The sentence in the caption describing how the map was generated with GeoPandas–Matplotlib and the geographical base layers may also be reconsidered. If retained, it should be clear why this technical information is useful to the reader.
13. Clarify the "hourly series" and selected times
Around line 137, the manuscript refers to hourly series but then summarizes them at t = −6, 0 and +6 h. Please clarify whether the complete hourly series are used in the analysis and these three times are only selected for illustration, or whether the analysis is actually based on these selected times and the other descriptors.
14. Clarify the PCA dimensionality in Section 3.2
There appears to be some inconsistency, or at least potential confusion, between the statement that up to 10 PCs are retained to explain approximately 90 % of the variance and the fact that the discussion in Section 3.2 focuses on the first two PCs.
Please explain explicitly how many PCs are used in the actual clustering/classification analyses and why Figures 3a and the associated discussion focus only on PC1 and PC2.
15. Figure 3: explained variance
Please indicate in Figure 3, or in its caption/text, what percentage of the total variance is explained by PC1 and PC2. This is important for interpreting how representative the two-dimensional projection is.
16. Rejection of DBSCAN and other candidate methods
The final part of Section 3.2, where DBSCAN and the other approaches are rejected in favour of Ward clustering, would be easier to understand if the authors showed some details or a simple example of the candidate solutions.
For example, one additional panel or a concise table showing the main candidate solutions and why they were rejected would make the methodological decision much more transparent.
17. Clarify the last paragraph of Section 2.6
The final paragraph of Section 2.6, particularly its last two sentences, is difficult to read and assimilate. I recommend rewriting this paragraph using shorter sentences and making the sequence of the occurrence, footprint and exceedance calculations more explicit.

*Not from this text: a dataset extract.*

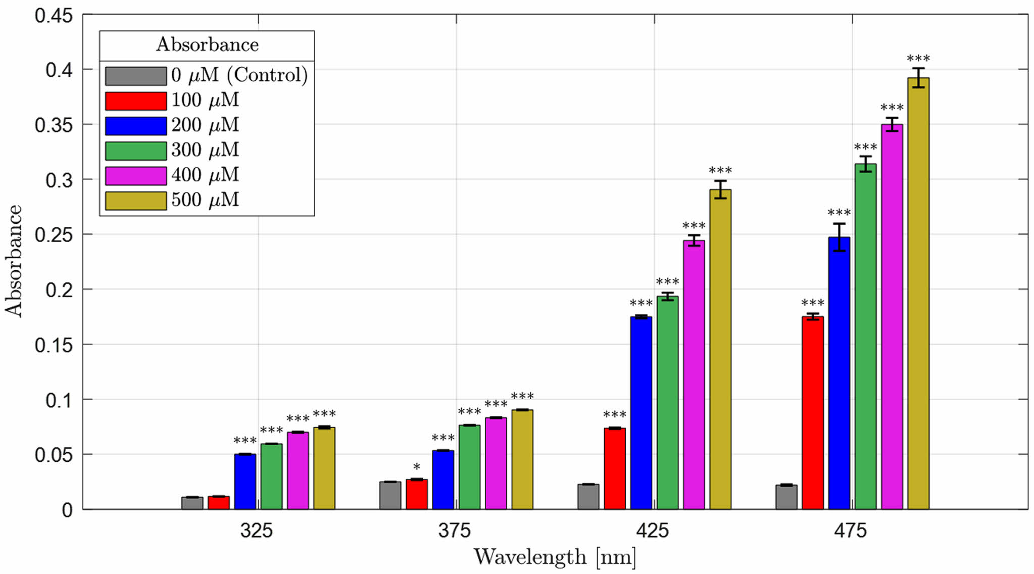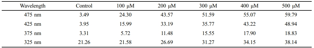 Absorbance Distribution and Absorption Rate of Beta-Carotene-containing 2-HEMA Polymer Films According to Molar Concentration Content. Figure 2 and Figure 3 show the absorbance distribution and statistical significance evaluation results of beta-carotene-containing 2-HEMA polymer films according to molar concentration ratios. Table 4 shows the absorption rate results calculated using the Lambert-Beer law. The distribution results indicate that the beta-carotene-containing films exhibited absorbance capability across the entire blue light spectrum, with the highest absorbance observed in the 450 nm to 500 nm range. The absorbance of the control group, which did not contain beta-carotene, was minimal in the 300 nm range. The absorption rate was over 43% at concentrations above 200 μM in the 475 nm range and over 43% at concentrations above 400 μM in the 425 nm range. The statistical significance evaluation of the molar concentrations showed a significant difference of 99.999% across the entire blue light spectrum at concentrations above 200 μM, and a significant difference of 95% in the 375 nm range at a 100 μM concentration. No significant difference was observed in the 325 nm range.

18. Length and width notation
At line 231, the notation "L × W" is introduced. Please define explicitly that L and W correspond to path length and mean/path width, respectively, and check that the terminology is used consistently throughout the manuscript.
19. Figure 8 and the presentation of hazard
For hazard communication, return periods are often more tangible and easier to interpret than very small exceedance probabilities. Since the manuscript already calculates return periods, I suggest considering whether Figure 8 could also be presented, or complemented, in terms of return periods.
This could make the spatial results more useful for readers interested in hazard assessment and applications.
20. Potential exposure/socioeconomic perspective
The final part of Section 3.4 could potentially be strengthened by comparing the hazard climatology with population density or another simple socioeconomic/exposure indicator, using the same hexagonal grid adopted in the study.
I consider this an optional suggestion rather than a requirement, but such a comparison could considerably increase the practical relevance of the work by showing where the identified hazard overlaps with areas of greater exposure.
21. Conclusions
The Conclusions are concise and acceptable, but they largely repeat points already presented in the Discussion. The authors could consider making this section slightly more focused on the main new findings and implications rather than repeating the preceding discussion.
22. Supplementary Figure S7
I recommend carefully checking and comparing the anomalies shown in Figure S7 with those presented in Figure 6c. At first sight, there appear to be regime-dependent differences, including some apparently discrepant signs.
This should be checked carefully because it may affect the desired meteorological interpretation of the three regimes. If the two figures use different variables, rankings, normalizations or samples, this should be stated very clearly. If they are intended to represent the same quantities, the apparent differences should be resolved.